Take pride in who you are and how you look.  Purchase clothing that suits and compliments your figure, skin tone etc.  This can give you an instant lift.

13.    Maintain your network(s)
It’s been said that ‘No man is an island’ and keeping in touch with positive, supportive and loving friends/family is very important in the healing/recovery process.  Part of your network should include a good therapist and understanding GP who will be there to guide you in combating depression, anxiety and stress.  Use it and work it!

14.    Is everyone having fun?
Find one fun thing to do each day.  See or hire a movie, start reading funny books, share some jokes with friends and family.  Laughter is great for our health and does wonders for the chemicals in your brain.   Indulge in something that you are enthusiastic about.  Perhaps, gardening, walking in the public gardens, strolling along the sea shore to set your heart free.

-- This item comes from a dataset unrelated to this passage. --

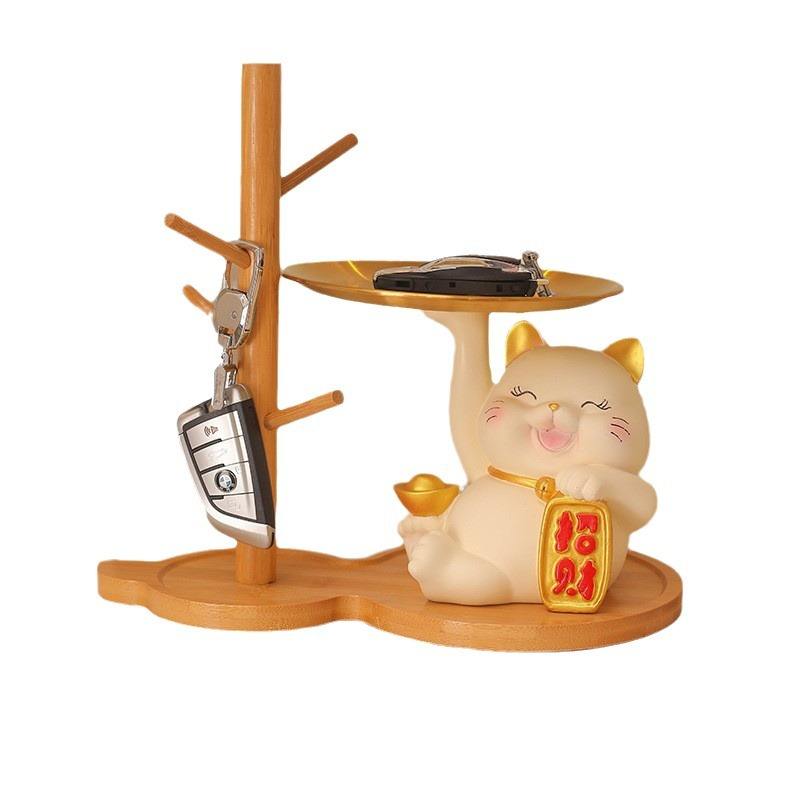 Figura Decorativa de Gato de la Suerte en Resina Epoxi, Escultura Artesanal para Guardar Llaves en la Entrada, Decoración del Hogar, Regalo de Inauguración

15.    Helping others helps you.
Gradually introduce yourself to worthy causes.  There are so many organisations or charities that would welcome your support with open arms.  However, the one caution in this is…be selective about volunteering.  By being too willing you may be taxing yourself and your recovery.  Remember, your priority is you.

16.    Brakes on?  Check!
Put the brakes on negative self talk and thinking negatively.  Realise that there are other ways of thinking, those that support your self esteem, sense of self acceptance and life’s direction.  It’s about viewing the glass as half full rather than the glass as half empty.  Optimism is contagious.  Practice it religiously.  If you find yourself in negative thought, flip it, replace it with positive thoughts.  Practice, practice, practice.

“Scientists have demonstrated that dramatic, positive
changes can occur in our lives as a direct result of
facing an extreme challenge – whether it’s coping
with serious illness, daring to quit smoking, or
dealing with depression.
Researchers call this ‘post-traumatic growth.”
– Jane McGonigal

17.    Little steps lead to major change.
Taking those small steps and acting on them will see some amazing changes and achievements.  It can start with ringing friends, getting out of bed, cooking a meal, cleaning a room.  Ask yourself, what did I find out today?, what did I experience, hear, see, taste, smell, touch?  Use your senses to find the beauty that exists around you.

18.    Where’s the positives?
Explore positive techniques in addressing depression such as Assertiveness Training, EFT emotional freedom technique, Mindfulness, Positive Psychology methods, to name but a few.  Never, never, ever give up on yourself.

19.    Nurture a positive outlook.
In nurturing a positive outlook you need to look at three areas in your life…thoughts, words, and deeds.  Hunt for the good things in your life no matter how insignificant they may seem to you at the moment.  They are the stepping stones to finding the joy in your life.  Banishing negative words from you vocabulary is a very positive beginning in changing your mindset.
To compliment this endeavour, add healthy exercise to your daily routine and your heart will thank you for it.  Lastly, become a participator rather than a spectator.

20.    Spirituality – find your own path.
Spirituality contributes to emotional wholeness and wellbeing.  Connect with the universal energy source and being within you.  If you are a religious person then practice your faith.  Find and enjoy your own special path.

“You are a child of the universe
no less than the trees and the stars;
you have a right to be here.
And whether or not it is clear to you,
no doubt the universe is unfolding as it should.”